The following metadata entry is supported (versions can be adjusted, id/prefixes, urls must stah the same). The same is used in all relevant places.

metadata:
  created: $CREATION
  createdBy: $CREATOR
  resources:
    - id: hp
      name: human phenotype ontology
      url: http://purl.obolibrary.org/obo/hp.owl
      version: 2018-03-08
      namespacePrefix: HP
      iriPrefix: hp
    - id: geno
      name: Genotype Ontology
      url: http://purl.obolibrary.org/obo/geno.owl
      version: 19-03-2018
      namespacePrefix: GENO
      iriPrefix: geno
    - id: pubmed
      name: PubMed
      url: https://www.ncbi.nlm.nih.gov/pubmed/
      namespacePrefix: PMID
    - id: orphanet
      name: orphanet rare disease ontology
      url: http://www.orpha.net/
      namespacePrefix: ORPHA
      iriPrefix: orpha
    - id: omim
      name: Online Mendelian Inheritance in Man
      url: http://www.omim.org/
      namespacePrefix: OMIM
      iriPrefix: omim
    - id: ncit
      name: National Cancer Institute Thesaurus
      url: https://bioportal.bioontology.org/ontologies/NCIT/
      namespacePrefix: NCIT
      iriPrefix: ncit

We support the full types of family.pedigree.persons.
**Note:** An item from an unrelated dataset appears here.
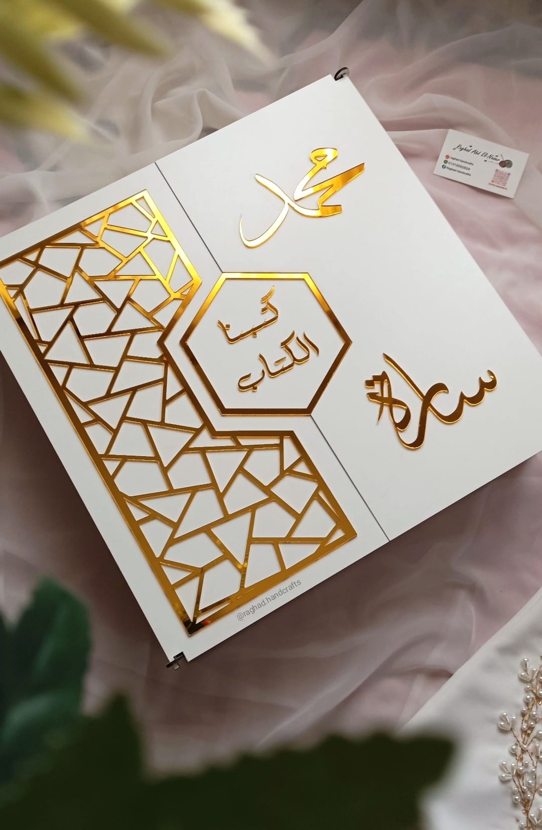 - مرايات مزينة يدويًا بالورد الصناعي أو الريزن مع نقش الأسماء والتاريخ.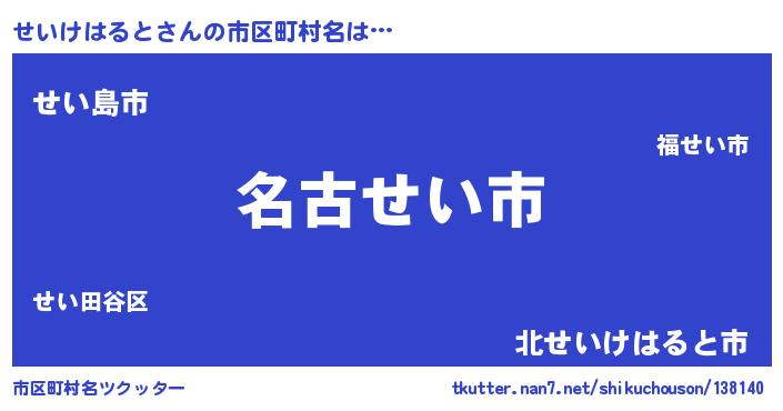 せいけはるとさんの市区町村名は… 『名古せい市』『せい島市』『北せいけはると市』 ツクッター #市区町村名ツクッター http://tkutter.nan7.net/shikuchouson/138140/

The family_id of all must be the same and the individual_id must link back to the proband/relatives id and subject.id.

family:
  pedigree:
    persons:
      - family_id: FAM
        individual_id: IDENTIFIER_INDEX
        paternal_id: 0
        maternal_id: 0
        sex: MALE
        affected_status: UNAFFECTED
      # ...

The family.proband and family.relatives suport the following Phenopackets subset (here for family.proband)

family:
  proband:
    id: IDENTIFIER_INDEX
    subject:
      id: IDENTIFIER_INDEX  # must match ../../id
      sex:  # all supported
      karyotypic_sex:  # all supported
    diseases:
      - term: # OMIM or Orphanet disease
        excluded: false  # or true
    phenotypic_features:
      - type:
          id:
          label:
        excluded: false  # or true
        modifiers:
          - id:
            label:
    measurements:
      # exactly one measurment is allowed
      - description: WGS  # or WES or Panel-seq
        assay:
          id: NCIT:C158253
          label: Targeted Genome Sequencing
          # # alternative #1
          # id: NCIT:C101295
          # label: Whole Exome Sequencing
          # # alternative #2
          # id: NCIT:C101294
          # label: Whole Genome Sequencing
    files:
      # MUST define path to enrichment kit unless WGS
      - uri: s3://...
        file_attributes:
          designation: enrichment_kit_targets
          genome_assembly: GRCh37  # or GRCh38 MUST be given
          file_format: BED
          description: free-text description
      # MAY contain further files for definining per-sample files
      - uri: ...
        file_attributes: {} # ...
        # use file_format: BAM/CRAM for files alignments

The family.files list can contain small and structural variant files:

family:
  files:
    - uri: s3://path/family.gatk_hc.vcf.gz
      file_attributes:
        designation: seqvars
        genome_assembly: GRCh37  # or GRCh38 MUST be given and consistent in case
        file_format: VCF
        caller: GATK-HC
    - uri: s3://path/family.delly2.vcf.gz
      file_attributes:
        designation: strucvars
        genome_assembly: GRCh37  # or GRC38 MUST be given and consistent in case
        file_format: VCF
        caller: Delly2
    - uri: s3://path/family.manta.vcf.gz
      file_attributes:
        designation: strucvars
        genome_assembly: GRCh37  # or GRC38 MUST be given and consistent in case
        file_format: VCF
        caller: Manta
    - uri: s3://path/family.gcnv.vcf.gz
      file_attributes:
        designation: strucvars
        genome_assembly: GRCh37  # or GRC38 MUST be given and consistent in case
        file_format: VCF
        caller: GATK-gCNV

New App

We introduce the new Django app case_import for the new functionality.

API Endpoints

We introduce the following new endpoints for CaseImportAction.

Note that the current disease and phenotype information may differ for a case and re-importing it based on a previous import action only will override this information. Users thus have to fetch information from the normal case API.